Enfin, du point de vue des armateurs, le pavillon ouvre le droit à la protection du pays d'immatriculation. Lors de la guerre du Golfe, des navires norvégiens ont demandé et obtenu le pavillon français, afin de bénéficier de la protection militaire française.
Mais il faut mettre en opposition des considérations qui relativisent ces arguments.
L'évolution « naturelle » de la flotte de commerce tend à déconnecter de plus en plus la flotte de commerce des objectifs militaires qui peuvent lui être assignés. La projection de forces repose sur la réquisition de navires rouliers, qui disparaissent progressivement de la flotte, et de cargos. Si la situation est satisfaisante pour les cargos, on ne recense, en 1997, que deux navires rouliers transocéaniques pouvant faire l'objet de réquisition dans des délais raisonnables. Cependant la flotte de navires rouliers opérant sur les lignes de transport de marchandises en Méditerranée a, souvent, représenté une capacité de transport de réserve importante. Par expérience, compte tenu de la rotation des navires dans les eaux internationales, il faut environ 6 navires en activité pour pouvoir espérer obtenir, en cas de conflit « inattendu », un délai opérationnel acceptable pour un navire.
Trois solutions s'ouvrent, dès lors :
- acquérir une flotte d'État permettant le transport de troupes et de matériels, comme c'est le cas aux États-Unis (achat d'environ 30 navires rouliers), ou en Grande-Bretagne (2 navires) ;
- adapter le matériel militaire (surtout les chars et les pièces d'artillerie) au transport sous forme conteneurisée par voie maritime. La conteneurisation n'est d'ailleurs possible que si les ports de destination sont susceptibles d'accueillir les navires (navigabilité et capacités de levage suffisants) ;
- faire appel au marché international, avec un coût important, du fait de la concurrence entre les États, si le conflit est de grande ampleur.
Tout dépend de la nature du conflit : conflit soudain requérant une mobilisation rapide ou conflit à maturation lente, permettant une montée en puissance progressive des moyens ou conflit bien anticipé ; conflit bilatéral ou conflit de grande ampleur, induisant une forte concurrence entre États alliés ou adversaires. La guerre des Malouines a mis en lumière l'importance de navires ravitailleurs en hydrocarbures. Ce problème ne s'est en revanche pas posé lors du conflit yougoslave ou de la guerre du Golfe.

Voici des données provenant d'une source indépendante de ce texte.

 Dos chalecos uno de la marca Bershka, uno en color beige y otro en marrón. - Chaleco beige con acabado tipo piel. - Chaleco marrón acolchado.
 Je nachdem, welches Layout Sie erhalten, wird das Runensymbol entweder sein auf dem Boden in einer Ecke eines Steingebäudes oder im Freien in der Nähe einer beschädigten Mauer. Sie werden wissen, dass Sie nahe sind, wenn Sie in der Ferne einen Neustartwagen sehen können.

En tout état de cause, la flotte actuelle sous contrôle français ne permet pas de répondre aux besoins militaires et nous rend, en partie, dépendants du marché international de l'affrètement. En outre, parmi les vingt-quatre dossiers quirataires agréés au 1er juillet 1997, seuls deux navires peuvent donner lieu à réquisition (deux petits navires de charge polyvalents).

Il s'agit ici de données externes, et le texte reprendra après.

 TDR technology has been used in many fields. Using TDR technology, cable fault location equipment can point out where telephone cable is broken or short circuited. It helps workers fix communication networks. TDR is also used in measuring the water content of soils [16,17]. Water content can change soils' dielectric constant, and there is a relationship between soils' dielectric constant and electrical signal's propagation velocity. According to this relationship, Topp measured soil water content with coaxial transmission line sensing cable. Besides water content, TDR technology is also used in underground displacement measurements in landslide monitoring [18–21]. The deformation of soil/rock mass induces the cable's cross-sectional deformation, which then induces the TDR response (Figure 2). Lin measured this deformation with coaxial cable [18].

Les États-Unis présentent un système fondé sur le « Cargo Preference Act » de 1904, qui stipule que seuls des navires battant pavillon américain peuvent être réquisitionnés. Cette loi a été amendée en 1954 et requiert que 50 % des navires contrôlés par le gouvernement soient sous pavillon national. Selon un rapport du Congrès américain de novembre 1994, la suppression de cette loi entraînerait le dépavillonnement ou la mise à la ferraille de 80 % des cargos (sur un total de 18 en 1994), de 90 % des vraquiers (17 en 1994), d'environ 80 % des navires mixtes (85 en 1994) et de 40 % des pétroliers (sur les 45 existant en 1994).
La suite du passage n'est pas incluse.